While certain terminology feels dated, Hayden’s voice is still fresh and the clarity of his argument is striking. Its central thesis runs something like this. If waves of mass protest alongside moments of fierce resistance—the Sixties having an abundance of both—were insufficient to bring about revolution, then a revolutionary process will also require the creation of “new centers of power” where dedicated groups of people actively build new forms of collective life. The democratic bodies developed this way would be the same self-governing institutions of the future liberated society. ‘Revolution’ could then be understood as the growth of these novel arrangements and their gradual or sudden displacement of existing power structures. This is dual power, in short—a term Hayden explicitly uses here.
Given the ongoing George Floyd Rebellion, I should note that the first guiding principle Hayden offers for this coming revolution is self-determination for people of color. While the language of “internal colonies” is no longer in fashion, his description of the structural inequities facing many communities sadly remains true and his appeal to self-determination remains powerful. As Hayden provocatively argues regarding the radical movements of his time, the idea that Black, Puerto Rican, Chicano, and Indigenous liberation simply means integration into the so-called “American way of life” is a lie sold by the white, liberal establishment. Then as now, they will inevitably see in the shards of a smashed window the frustrated desire to participate in their system rather than the will to destroy, escape, or transform it.

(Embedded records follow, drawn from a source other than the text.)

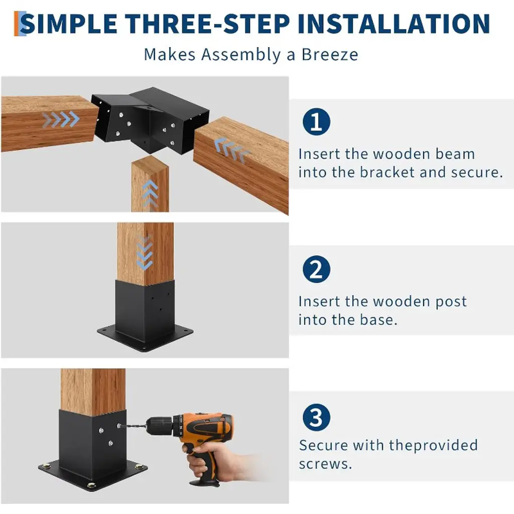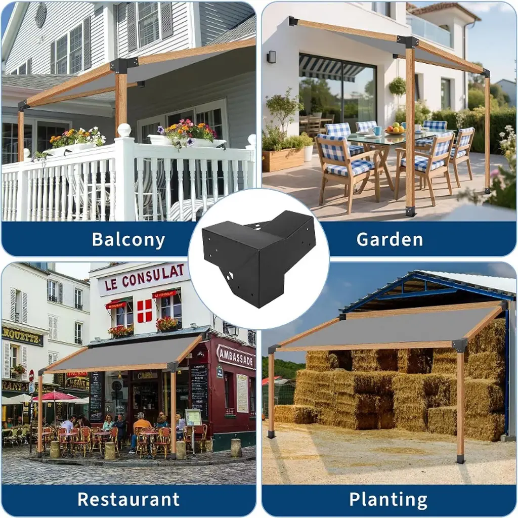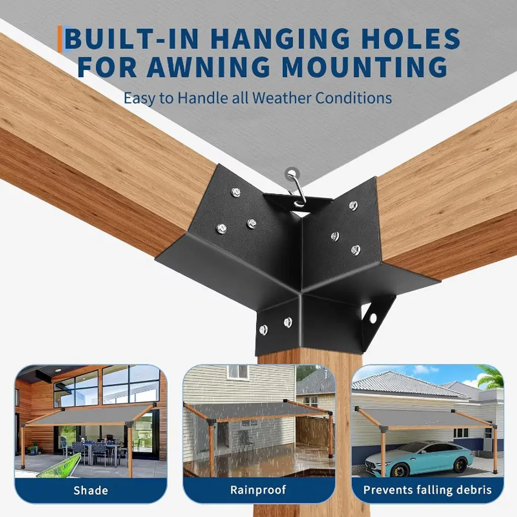 Pergola Bracket Kit,15° Angled Roof Brackets For 4X4 Lumber,3-way Metal Connectors For Diy Pergola,gazebo & Carport
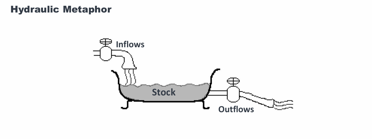This structure represents the aspects of operational costs from a lifecycle viewpoint and highlights the impacts on these costs from delays and quality escapes. To thrive within this structure, the drivers of cost from each element in Figure 3 must be actively orchestrated. This requires understanding the rate at which various kinds of work can be performed, how that evolves with time, and the longer-term consequences of short-term thinking. Planning, designing, and managing these rates are critical skills to facilitate learning and optimization. Let’s explore some examples in which stocks and flows are critical factors for production in economics.
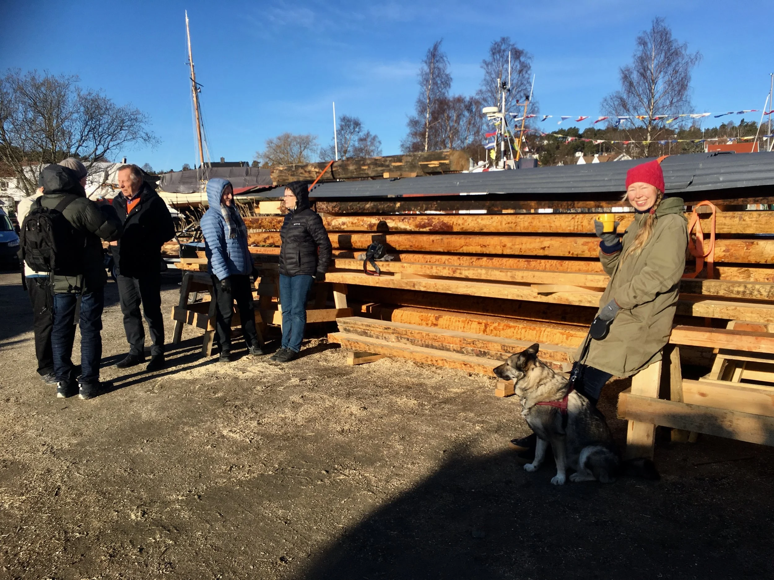 Når prammen endelig lå trygt på plass, fikk vi klarsignal til at NÅ kunne vi få lov til å applaudere. Og det gjorde vi!selvfølgelig! Alt gikk - i følge byggeleder Andreas Pagander, nesten etter planen.. Det ble noen utfordringer da et par av stroppene forskjøv seg litt når trykket avtok, men med noen korrigeringer endte det bra. Godt jobbet!
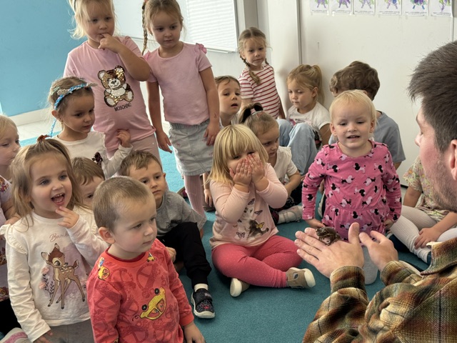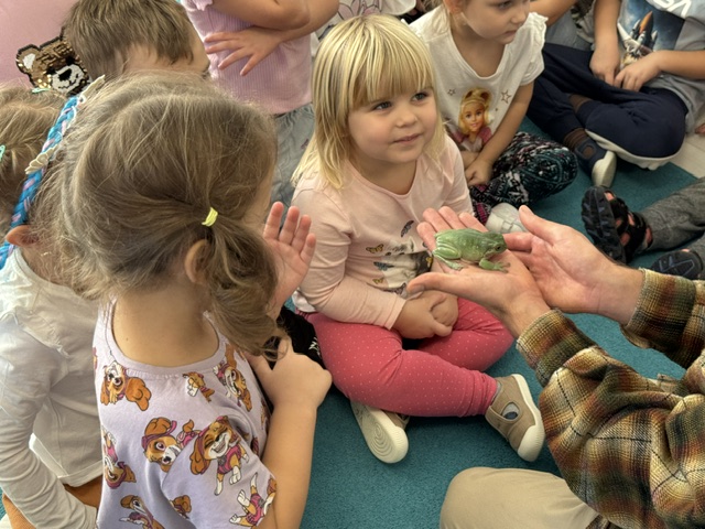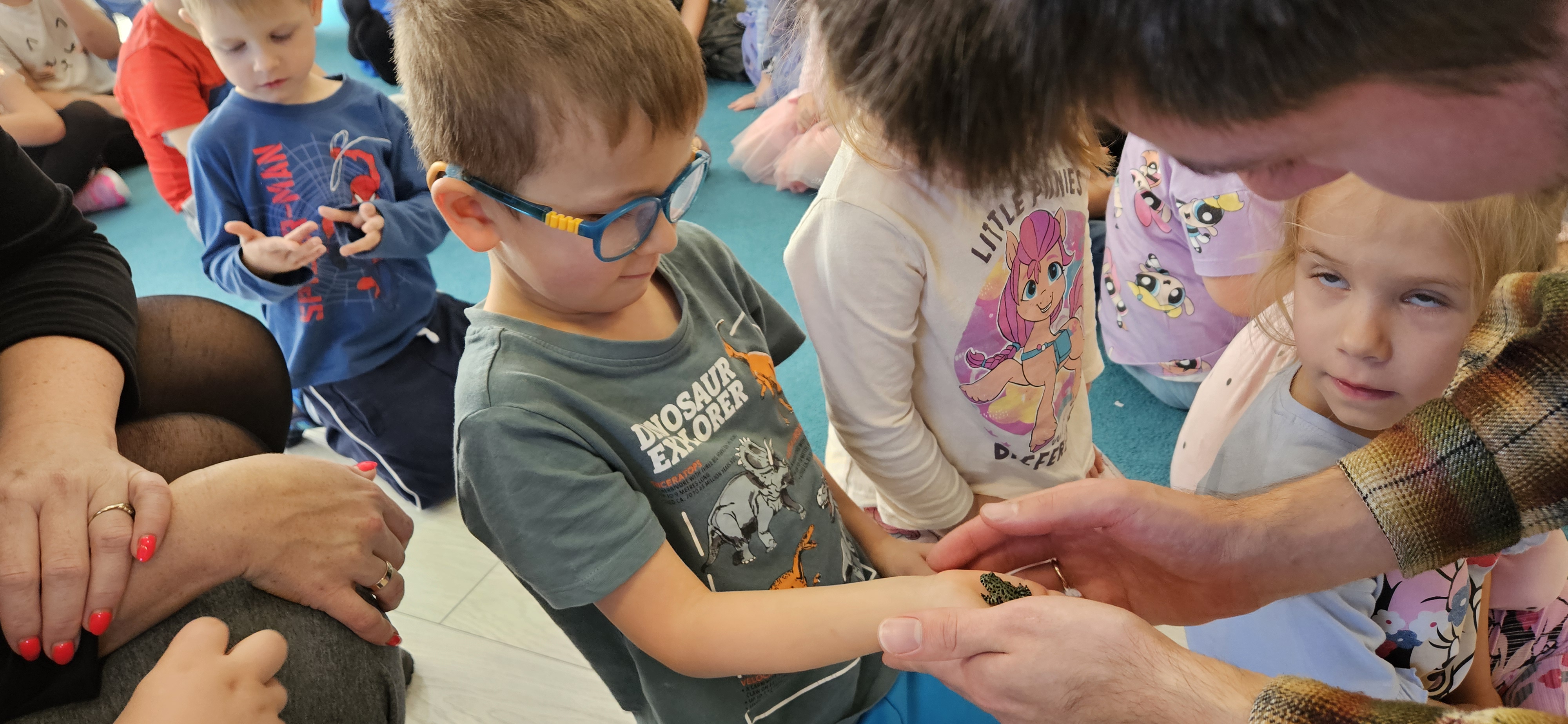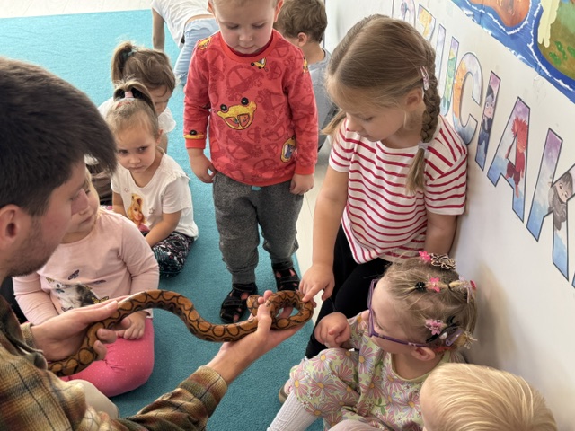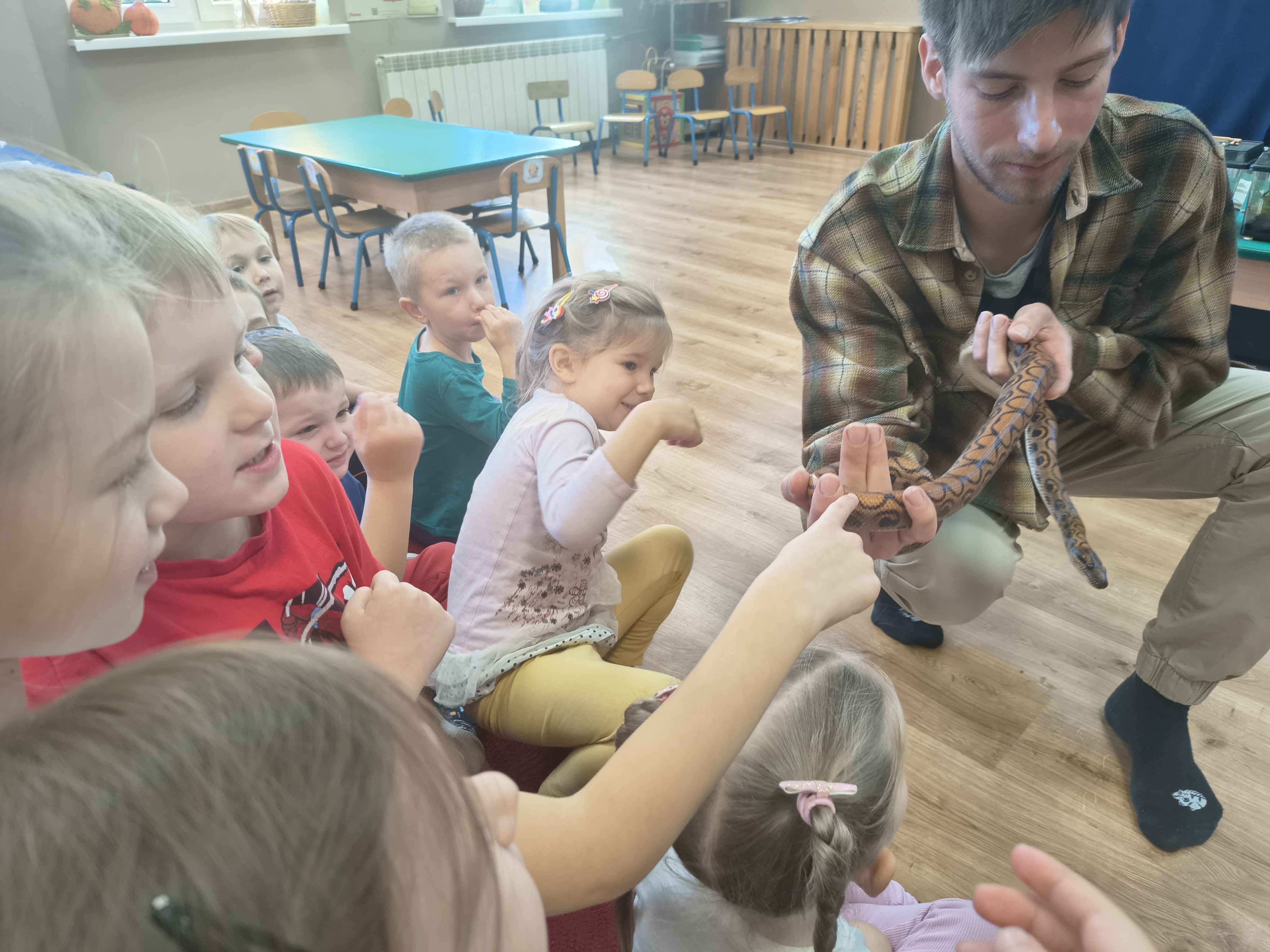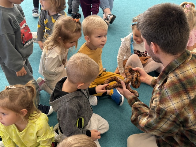 Dziś (04.11.25r.) w naszym przedszkolu odbyły się niezwykłe zajęcia przyrodnicze! Odwiedził nas pan, który przywiózł ze sobą różne gatunki gadów i płazów. Dzieci miały okazję zobaczyć z bliska m.in. żaby oraz dwa węże. Pan opowiedział, skąd pochodzą te zwierzęta, gdzie żyją i czym się odżywiają. Największą atrakcją było to, że przedszkolaki mogły nie tylko obserwować, ale także dotknąć niektórych zwierząt! Zajęcia dostarczyły wszystkim wielu emocji i ciekawych wiadomości o świecie przyrody.
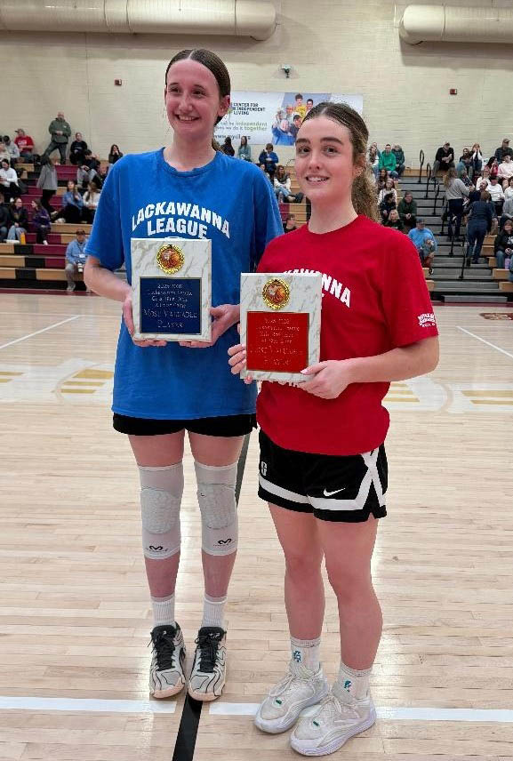 Addison Kilmer from Mountain View (left) and Amanda Dempsey from Dunmore were Most Valuable Players of their teams in the girls’ LIAA Senor All-Star Basketball Game. (Tom Robinson Photo)

The second principle Hayden outlines is the creation of “free territories,” a concept which has echoes in the autonomous zones spreading today as well as significant overlap with the current of radical municipalism popular in recent years. A free territory is a physical space, like an urban neighborhood or rural commune, where people collectively fashion a new social order in contrast to mainstream society. Importantly, these are not escapist playgrounds—a charge Hayden levels against many of his drop-out peers—but embodied attempts to depose governmental authority at its most basic level, that of everyday life. In Hayden’s revolutionary scenario, a network of free territories would become the ‘new centers of power’ which would have both the vitality and the force to finally overcome the old world.
Hayden’s lost vision of a New American Revolution may have gone unrealized in his lifetime, but the strategic course it charts and the revolutionary promise it contains may still speak to us today. I hope you find this archival text to be of interest and inspiration as we seek our own paths in building and fighting for new worlds.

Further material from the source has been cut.